(Collected data Opens)

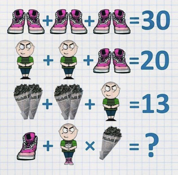Der Typ (5) in der letzten Zeile vom LGS hat rosa Schuhe (10) und zwei Tüten (2*4). Davon ausgehend dass das alles addiert werden soll (?) hab ich’s mal mit 43 probiert
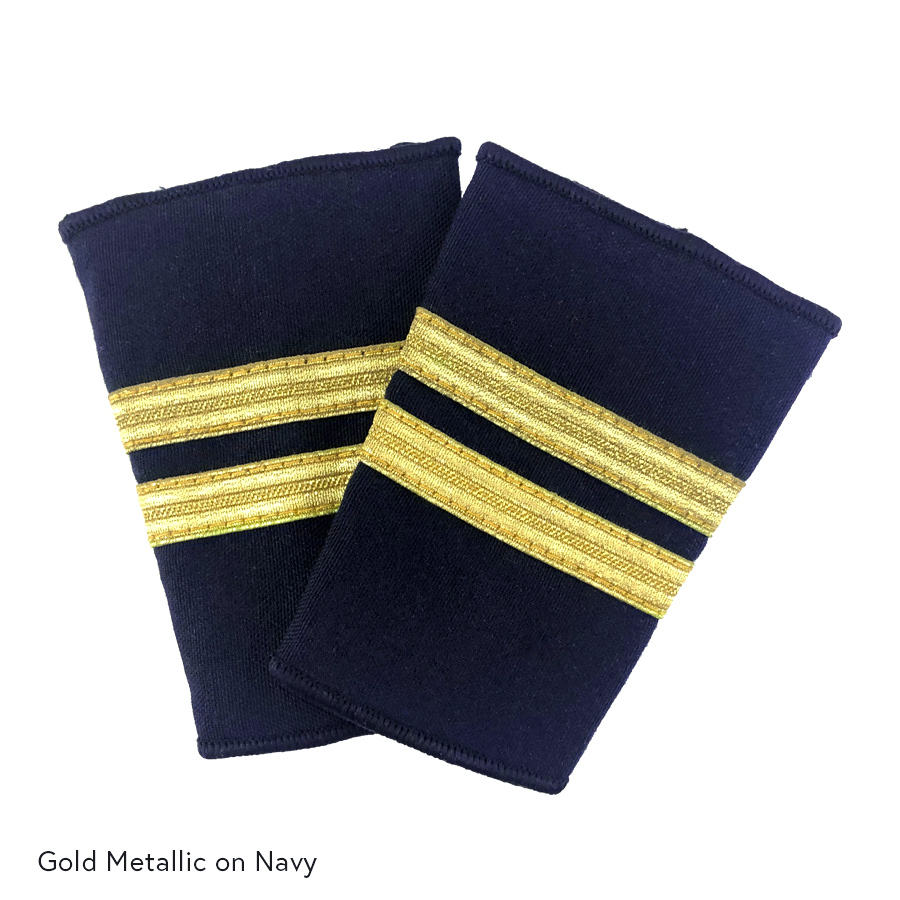 เครื่องหมายยศนักบินชั้นเรียนแบบ 2 แถบ สีทองเมทัลลิกบนพื้นดำ
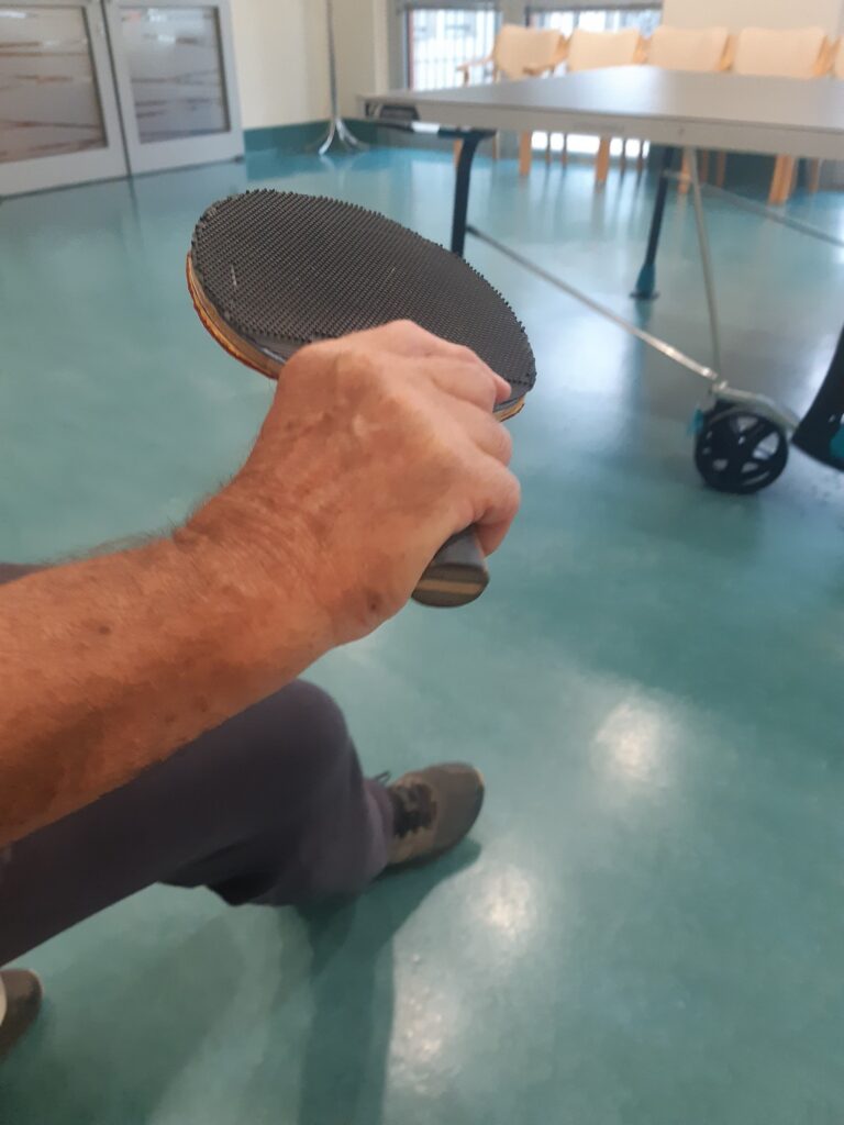…Vedno se rada vračam na obisk h gospodu z demenco, ki se kljub svoji diagnozi ne preda. Živi naprej sproščeno življenje in se veseli slehernega dne. Je velik ljubitelj športnih aktivnosti. Na žalost mu občasno ponagaja zapestje, a to ga ne ustavi. Že dolgo časa sva se dogovarjala, da bova v dvojicah igrala namizni tenis. Vedno je prišlo kaj vmes. Danes pa nama je le uspelo odigrati prvi set. Gospod me je naučil, kako se pravilno drži lopar ter kako v podaljšanem loku servirati in odbiti žogico. No to pa je bilo zabavno medgeneracijsko učenje! Seveda me je premagal v vseh potezah.

(Collected data Closes)

Try it.
All lines from the line with "เครื่องหมายยศนักบินชั้นเรียนแบบ 2 แถบ" through the final line of the data, both included, are to be repeated exactly; no other lines and no pictures.

Answer to the problem.
 เครื่องหมายยศนักบินชั้นเรียนแบบ 2 แถบ สีทองเมทัลลิกบนพื้นดำ
…Vedno se rada vračam na obisk h gospodu z demenco, ki se kljub svoji diagnozi ne preda. Živi naprej sproščeno življenje in se veseli slehernega dne. Je velik ljubitelj športnih aktivnosti. Na žalost mu občasno ponagaja zapestje, a to ga ne ustavi. Že dolgo časa sva se dogovarjala, da bova v dvojicah igrala namizni tenis. Vedno je prišlo kaj vmes. Danes pa nama je le uspelo odigrati prvi set. Gospod me je naučil, kako se pravilno drži lopar ter kako v podaljšanem loku servirati in odbiti žogico. No to pa je bilo zabavno medgeneracijsko učenje! Seveda me je premagal v vseh potezah.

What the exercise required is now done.